§ How to complete this task
For this exercise, output the entries below exactly from the line that holds "Степлер Vitals 3" to the line that holds "暖色系カラーくせ毛風大人巻き抜け感ミディ", both ends included. No pictures belong in the copy.

§ Provided records
────────────────────────────────────────
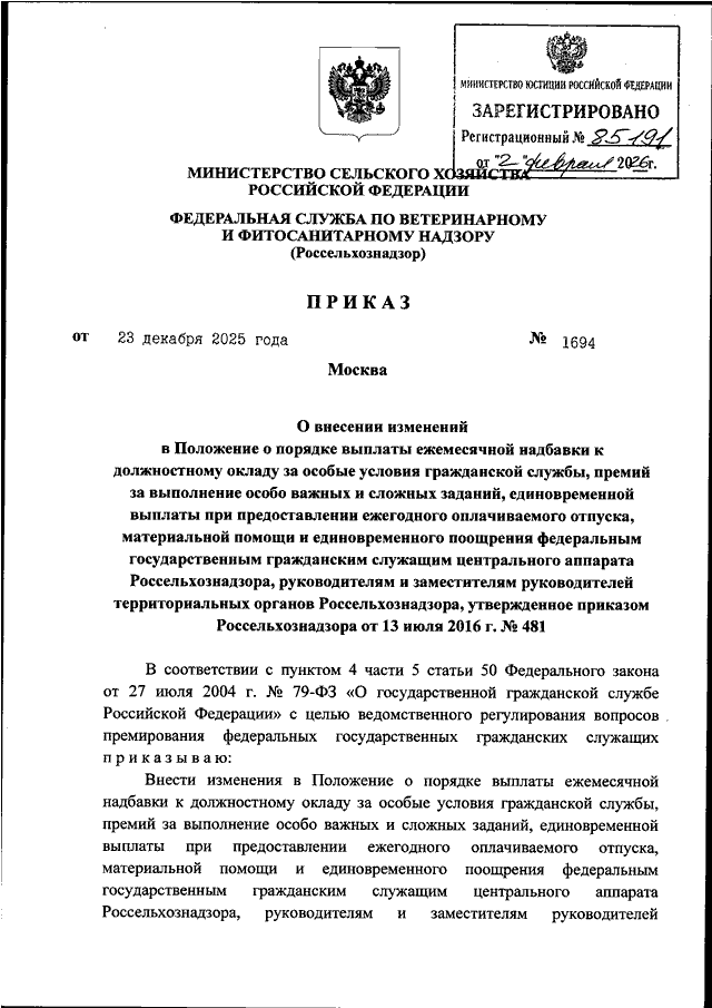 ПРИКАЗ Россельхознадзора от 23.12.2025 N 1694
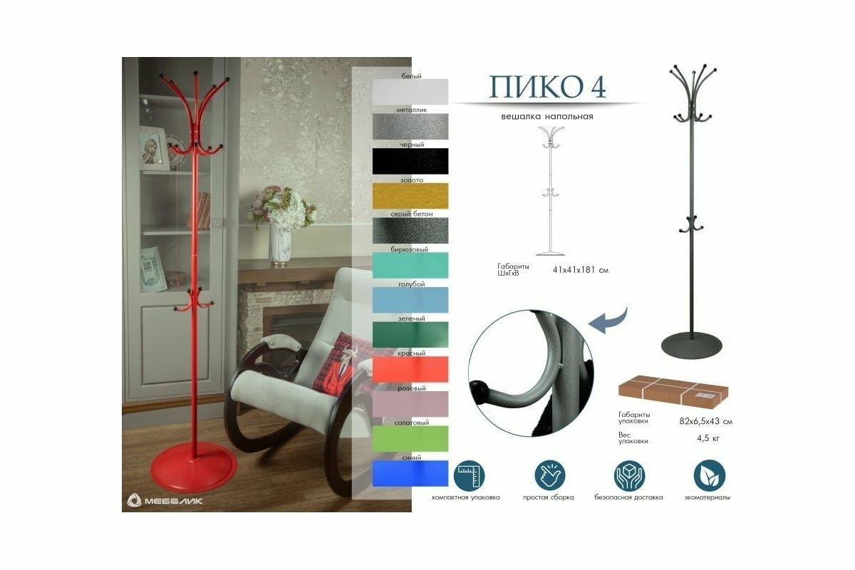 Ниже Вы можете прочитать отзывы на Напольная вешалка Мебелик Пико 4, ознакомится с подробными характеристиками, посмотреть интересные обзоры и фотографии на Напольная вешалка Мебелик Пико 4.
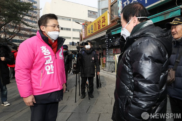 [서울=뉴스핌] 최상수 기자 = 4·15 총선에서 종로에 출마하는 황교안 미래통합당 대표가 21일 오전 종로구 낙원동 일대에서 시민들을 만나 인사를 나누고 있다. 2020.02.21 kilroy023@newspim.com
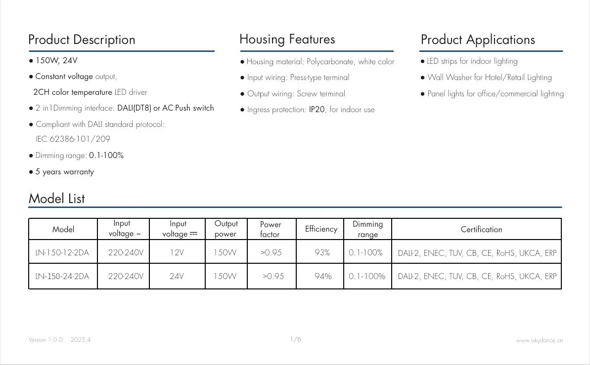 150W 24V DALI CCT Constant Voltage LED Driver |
────────────────────────────────────────
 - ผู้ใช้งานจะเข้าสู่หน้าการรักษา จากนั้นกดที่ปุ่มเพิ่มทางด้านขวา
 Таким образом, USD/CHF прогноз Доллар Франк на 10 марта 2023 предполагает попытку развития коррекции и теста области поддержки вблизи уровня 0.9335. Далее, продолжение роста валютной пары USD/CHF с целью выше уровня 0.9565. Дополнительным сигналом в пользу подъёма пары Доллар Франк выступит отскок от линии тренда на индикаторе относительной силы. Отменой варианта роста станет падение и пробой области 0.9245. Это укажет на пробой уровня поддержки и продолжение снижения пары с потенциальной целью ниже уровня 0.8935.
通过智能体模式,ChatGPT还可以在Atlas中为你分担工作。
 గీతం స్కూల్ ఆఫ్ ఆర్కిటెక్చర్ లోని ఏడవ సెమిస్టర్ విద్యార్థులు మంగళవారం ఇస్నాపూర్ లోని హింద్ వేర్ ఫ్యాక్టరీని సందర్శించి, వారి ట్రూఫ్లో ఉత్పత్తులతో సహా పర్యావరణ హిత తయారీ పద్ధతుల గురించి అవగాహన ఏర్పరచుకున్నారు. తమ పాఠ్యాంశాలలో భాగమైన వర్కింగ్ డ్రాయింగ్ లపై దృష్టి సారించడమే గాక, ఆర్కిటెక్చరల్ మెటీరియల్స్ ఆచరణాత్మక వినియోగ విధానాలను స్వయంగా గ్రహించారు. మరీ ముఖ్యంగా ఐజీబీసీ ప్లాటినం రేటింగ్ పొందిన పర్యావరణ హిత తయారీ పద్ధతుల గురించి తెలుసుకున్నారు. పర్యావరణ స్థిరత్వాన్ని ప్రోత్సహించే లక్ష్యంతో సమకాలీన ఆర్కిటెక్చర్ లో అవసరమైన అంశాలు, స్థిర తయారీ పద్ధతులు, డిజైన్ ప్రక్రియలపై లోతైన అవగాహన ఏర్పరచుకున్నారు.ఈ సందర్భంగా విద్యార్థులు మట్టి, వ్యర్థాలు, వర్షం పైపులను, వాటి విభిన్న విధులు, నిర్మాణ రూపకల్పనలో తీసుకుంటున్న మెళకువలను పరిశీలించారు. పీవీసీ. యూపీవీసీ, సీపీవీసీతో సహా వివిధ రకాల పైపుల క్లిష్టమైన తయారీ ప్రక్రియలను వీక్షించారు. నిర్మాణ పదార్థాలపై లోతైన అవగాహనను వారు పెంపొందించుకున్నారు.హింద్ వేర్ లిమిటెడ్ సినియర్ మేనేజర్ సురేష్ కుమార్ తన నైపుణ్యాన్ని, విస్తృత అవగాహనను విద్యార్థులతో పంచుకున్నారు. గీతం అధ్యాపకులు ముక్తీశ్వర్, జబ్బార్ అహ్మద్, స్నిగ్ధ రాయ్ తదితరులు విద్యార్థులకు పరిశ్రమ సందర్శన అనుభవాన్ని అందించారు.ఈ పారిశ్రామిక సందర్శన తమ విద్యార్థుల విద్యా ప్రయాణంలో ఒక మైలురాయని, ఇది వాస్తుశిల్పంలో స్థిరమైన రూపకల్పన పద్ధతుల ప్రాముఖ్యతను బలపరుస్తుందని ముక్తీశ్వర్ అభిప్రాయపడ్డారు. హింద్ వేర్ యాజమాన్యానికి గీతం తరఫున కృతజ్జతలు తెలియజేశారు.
────────────────────────────────────────
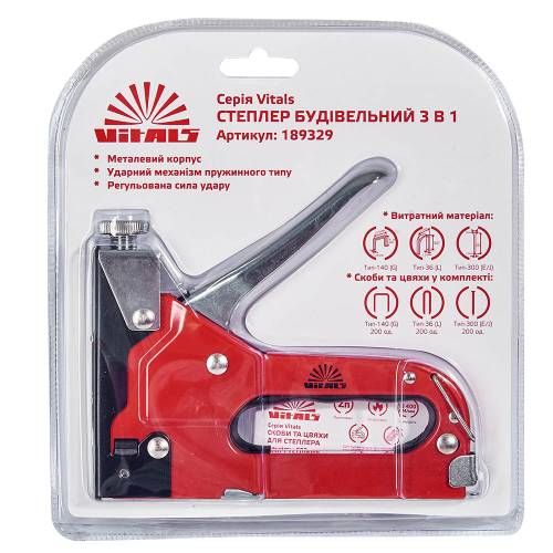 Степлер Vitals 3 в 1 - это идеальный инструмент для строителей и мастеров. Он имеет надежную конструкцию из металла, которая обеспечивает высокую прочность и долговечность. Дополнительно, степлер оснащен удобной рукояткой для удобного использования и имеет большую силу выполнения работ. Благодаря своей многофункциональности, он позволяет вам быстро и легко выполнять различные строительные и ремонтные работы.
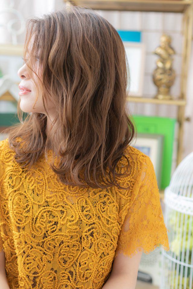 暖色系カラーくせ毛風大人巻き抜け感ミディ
────────────────────────────────────────
§ Exercise response
 Степлер Vitals 3 в 1 - это идеальный инструмент для строителей и мастеров. Он имеет надежную конструкцию из металла, которая обеспечивает высокую прочность и долговечность. Дополнительно, степлер оснащен удобной рукояткой для удобного использования и имеет большую силу выполнения работ. Благодаря своей многофункциональности, он позволяет вам быстро и легко выполнять различные строительные и ремонтные работы.
 暖色系カラーくせ毛風大人巻き抜け感ミディ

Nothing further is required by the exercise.